At the University College London Institute of Disaster and Risk Reduction (UCL IRDR) 10th Annual Conference yesterday I had the opportunity to question the Rt Hon Hilary Benn MP, during a keynote interview, on the need for civil contingencies legislative reform in the United Kingdom.
The primary legislative drivers of emergency preparedness, resilience and response in the United Kingdom are the Civil Contingencies Act (2004) and the linked Contingency Planning Regulations (2005). Whilst there are are others, for example in the NHS the Health and Social Care Act (2012) and the NHS Act (2006) as amended make some provision towards emergency preparedness, the CCA 2004 remains the core piece of legislation that supposedly drives emergency planning, preparedness and management activity.
For any readers who are less familiar with the The Civil Contingencies Act (2004), referred in common parlance simply as the ‘CCA 2004’, the Act has two Parts. Part 1 of The Act categorises responders into two broad families. Category 1 (Core Responders) and Category 2 (Co-operating Bodies). The Act’s Contingency Planning Regulations (2005) subsequently details a set of duties that each group of responders must perform. Part 2 of The Act details the emergency powers that can be taken by the UK Government and Ministers. Additionally, The Act defines an Emergency for the UK.
In short it sounds quite good, doesn’t it? Alas. COVID-19 and other recent emergencies have demonstrated that the CCA 2004 and associated guidance are in dire need of reform. The world we live in is ever more complex than it was in 2004 when The Act was passed.
As Philip Trendall points out in his recent submission of evidence to the Public Administration and Constitutional Affairs Committee Inquiry into the Response to Covid-19 and the Coronavirus Act 2020, which I would recommend reading, the fact that separate legislation was required to enable emergency powers for COVID-19 demonstrates an immediate red-flag for the usefulness of the CCA 2004.
The CCA 2004 Contingency Planning Regulations (2005) present a good set of legislative duties that responders must perform. The Act even goes on to make provisions for Ministers of the Crown to require responders to provide information on action taken or not taken with respect of The Act.

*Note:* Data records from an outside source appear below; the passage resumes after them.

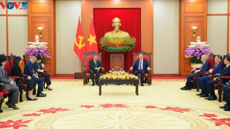 (VOVWORLD) - 访华期间,由越共中央委员、越南祖国阵线中央副主席兼秘书长阮氏秋荷率领的越南祖国阵线中央委员会高级代表团4月24日下午在北京会见了中国全国政协主席王沪宁。
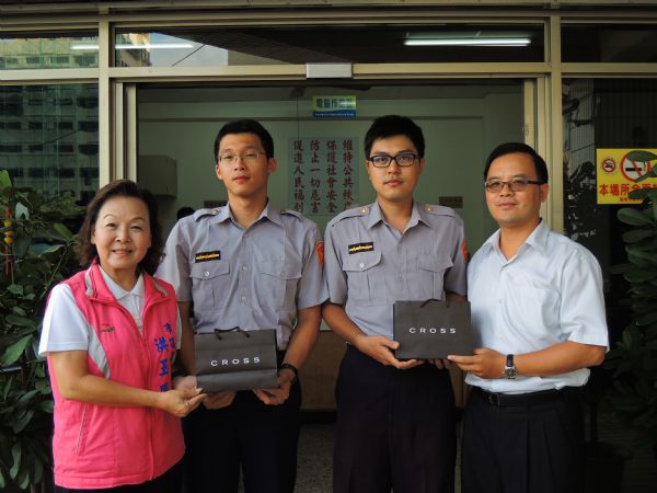 中正派出所開出雙響炮,員警歐存鋒、林祿迪勤務之餘不忘自我進修,參加中央警察大學102學年度學士班二年制技術系考試,高分錄取巡官班,同為警察家庭的市議員洪玉鳳昨特地前往中正所祝賀,贈筆期勉他們用功學習,日後能留在台南服務鄉親。林祿迪:警專24期畢,歐存峰:警專25期畢,二人均在97年間分發到中正所任職。
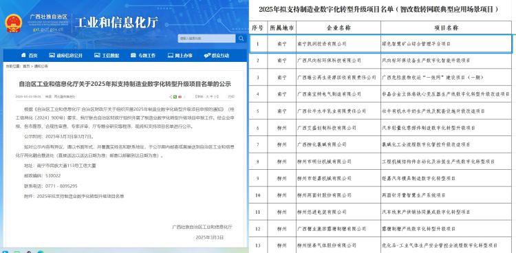 作為廣西建筑骨料礦業(yè)數(shù)字化轉(zhuǎn)型的先行者,南寧礦業(yè)集團緊扣國家 “智慧礦山” 建設(shè)戰(zhàn)略,以數(shù)據(jù)資產(chǎn)化為主線,在運營管理的上林礦山搭建“綠色智慧礦山綜合管理平臺”,培育“開采—生產(chǎn)—運營”全鏈條智能協(xié)同體系,實現(xiàn)安全、效率、生態(tài)的三維躍升,為露天礦山數(shù)字化轉(zhuǎn)型提供“南寧樣本”。“綠色智慧礦山綜合管理平臺”項目成功入選自治區(qū)工業(yè)和信息化廳2025年支持制造業(yè)數(shù)字化轉(zhuǎn)型升級項目名單,成為歷年來廣西唯一入選的骨料生產(chǎn)項目,標志著南寧市屬國有企業(yè)在礦業(yè)數(shù)字化轉(zhuǎn)型中邁出“堅實第一步”。
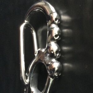These skull clips are casted from the highest quality 316 stainless steel.  They have a high polish finish, black enamel detail, good solid spring tension and measure 4.1 x 1.8 cm, 1.6 x 0.7  inches.  They are intended for DIY applications like chain wallets, key chains, jewelry, clothes and luggage and not for use in climbing applications.  Listing is for two clips.  See our other listings more variants of these clips.
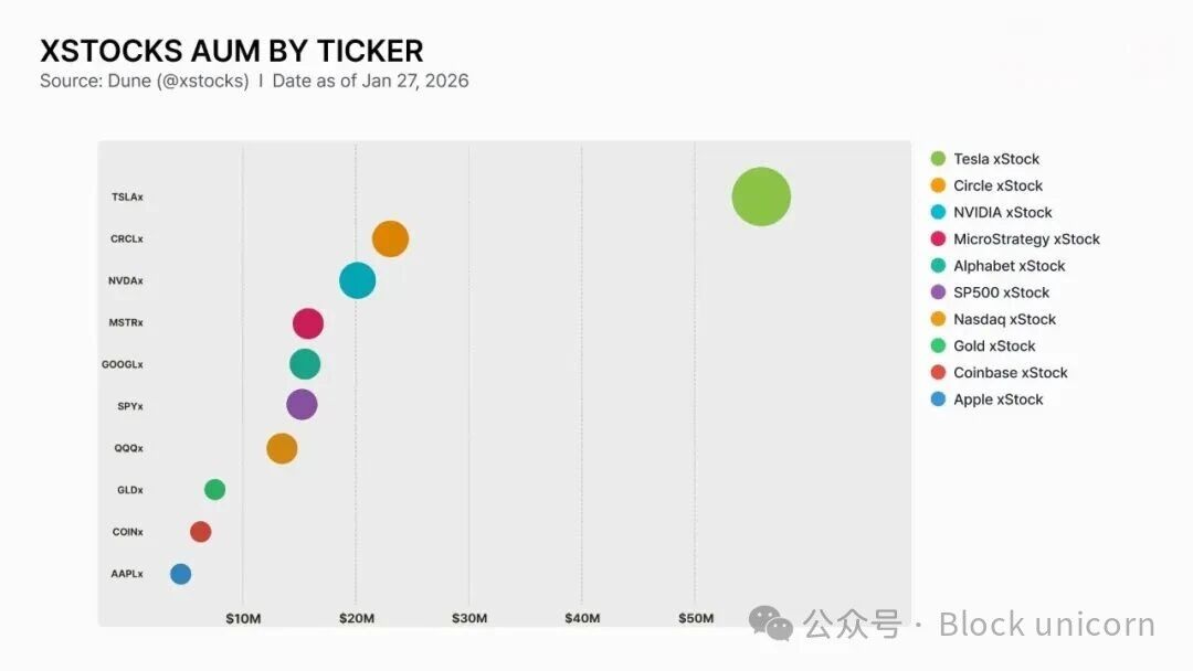 这种结构使 Backed Finance 能够更灵活地向二级市场供应高需求股票。实际上,xStocks 的发行集中在 TSLAx、CRCLx 和 NVDAx 等热门股票上。
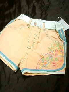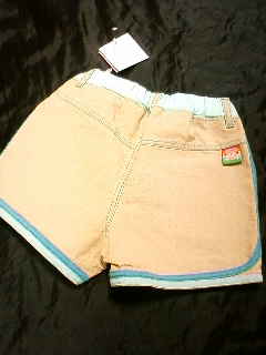 【コミカルキッズ】新品タグ付★サイズ110★綿70ポリエステル25ポリウレタン5★ウエスト総ゴム★キナリベージュ系×水色★ ♪ナチュラルな麻っぽい生成りカラーにカラフルなキャラクタープリントが可愛いショーパン♪水色のラインやステッチも爽やかです♪
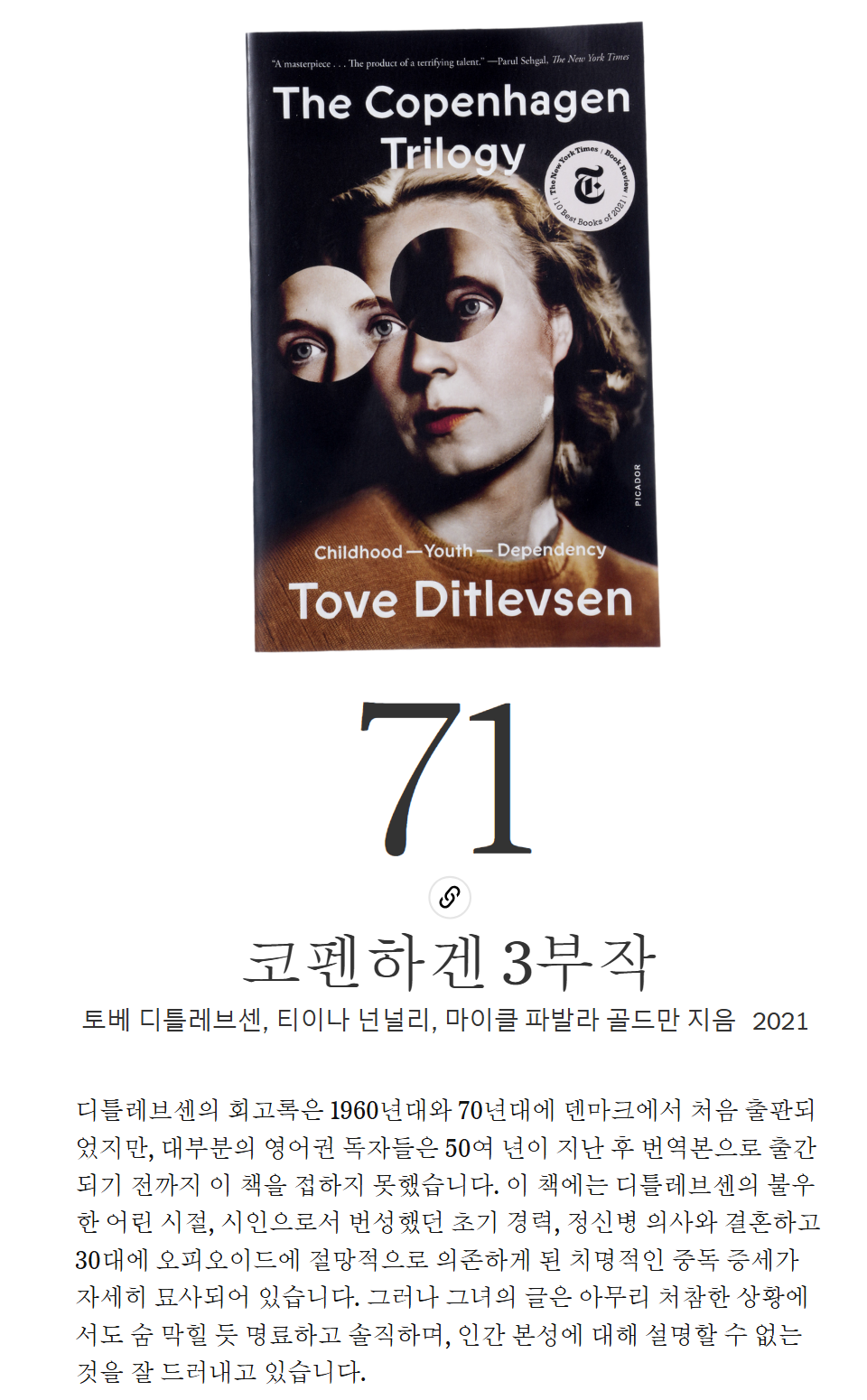 이 시리즈에 대한 리뷰를 작성하자면, "The Copenhagen Trilogy"는 디틀레브센의 삶의 여정을 통해 20세기 중반 덴마크 사회의 여성이 겪는 복잡한 감정과 관계를 섬세하게 그려냅니다. 그녀의 글은 자기 고백적이며, 때로는 가혹할 정도로 정직하고, 때로는 감동적입니다. 이 시리즈는 개인적인 경험을 통해 보편적인 진실을 탐구하며, 독자들에게 강렬한 인상을 남깁니다. 디틀레브센의 작품은 그녀의 삶의 특정 순간들을 생생하게 묘사하며, 그녀의 내면의 세계와 감정의 깊이를 드러냅니다. 이 책들은 덴마크 문학의 중요한 작품으로 평가받으며, 독자들에게 깊은 인사이트를 제공합니다.
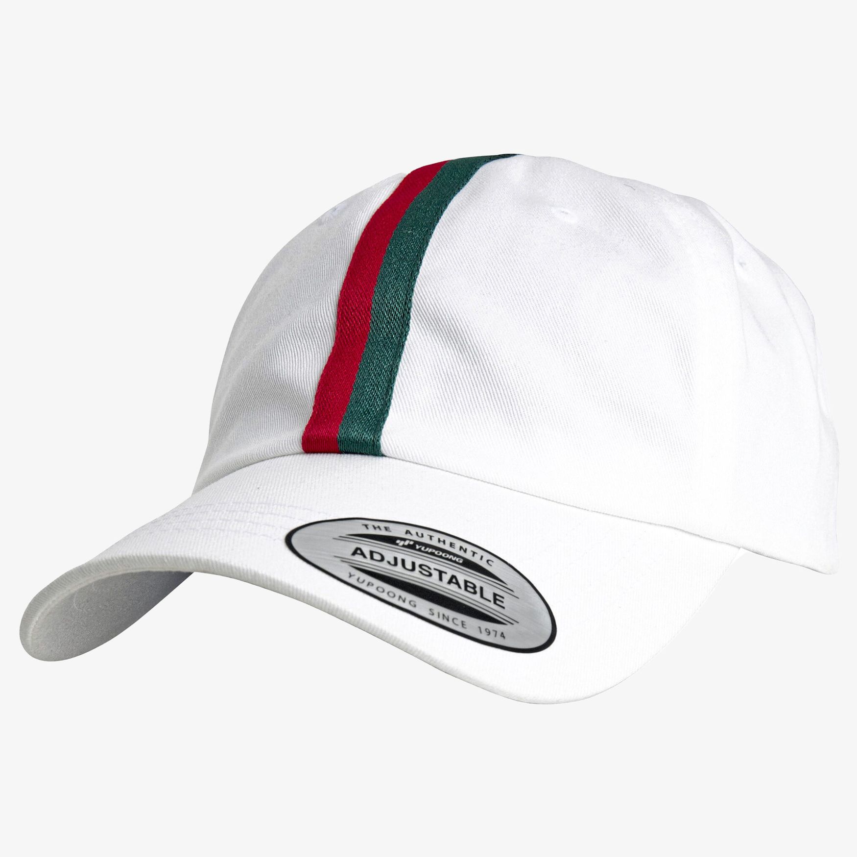 The Stripe Dad Hat is made of 100% cotton, a durable and resistant material. It features a pre-curved visor and metal buckle to adjust the head size. Its gray inner fabric and bright red green stripes at the center distinguish its appearance. This cap consists of 6 panels.
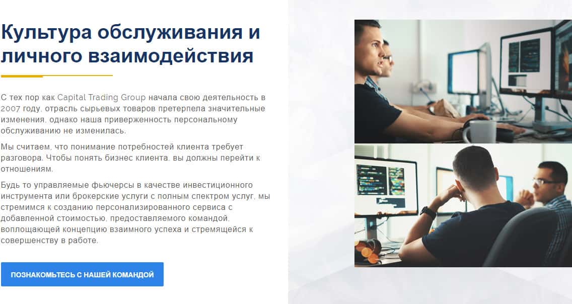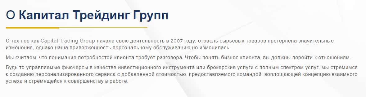 Наверное самый лживый раздел сайта мошенников CTG Trading, в котором аферюги рассказывают о себе. Каждая строка данного раздела пропитана ложью и непонятной информацией. Где они рассказывают какие они хорошие, честные и профессионалы. Но не пишут о том, как они обманывают клиентов и сливают их деньги.

Furthermore, there is provision for Ministers of the Crown, or other persons listed in The Act, to take action in court against other persons listed in The Act for non-compliance.
Despite this, however, there is no body in the UK who is responsible for regulating or inspecting the civil contingencies landscape and for ensuring that responders are actually carrying out their duties. Helen Turner and I wrote about this gap in 2018, calling for an official Disasters Inspectorate following the tragedy of Grenfell.
Colleagues who know me well will not be surprised to hear me make reference the the mechanisms that the NHS in England use to regulate emergency preparedness. The NHS England EPRR Core Standards detail anywhere from 50 to 260 Core EPRR Standards, depending on the type of NHS organisation, which are reviewed annually as part of the NHS England EPRR Assurance process. Each year there is an additional ‘Deep Dive’ set of standards that do not impact an organisations overall assurance rating, but allow us to examine a specific area of business in more detail.
Organisations are rated against each standard, based on self-assessment, evidence, and meetings with Accountable Emergency Officers. Compliance levels range from Non-Compliant through to Fully Compliant, and where organisations have an overall rating of Non-Compliant or Partially Compliant, regular improvement meetings are scheduled to support their progression.
The NHS England EPRR Core Standards are not perfect, but they provide a mechanism for regulation of an otherwise unregulated but legislated activity. Any review of the CCA 2004 needs to include discussion on the value and potential function of an inspectorate or regulator for emergency preparedness and response.
Whilst such a body would not have the capacity to reach into as much detail as the NHS assurance process demonstrates, it could provide leadership to standards (of which the Cabinet Office Civil Contingencies Secretariat have been moving forward some positive work) and provide a mechanism of assuredness and support to the discharge of legislative duties amongst responders, including the investigation of disasters to ensure lessons are identified, recommendations adopted, and practice improved.
Returning to my question of Mr Benn, his reply (which you can listen to by clicking here) indicated that being an advocate of lessons learned processes and with an inquiry pending, if the evidence through those means came to suggest that the legislation was indeed found wanting then it should fall within the scope of reform. Mr Benn also articulated the need for blameless inquiries in these instances, which I would agree is crucial.
This response provides me with some hope and I look forward to following the progress of the inquiry as and when the Government formalise it.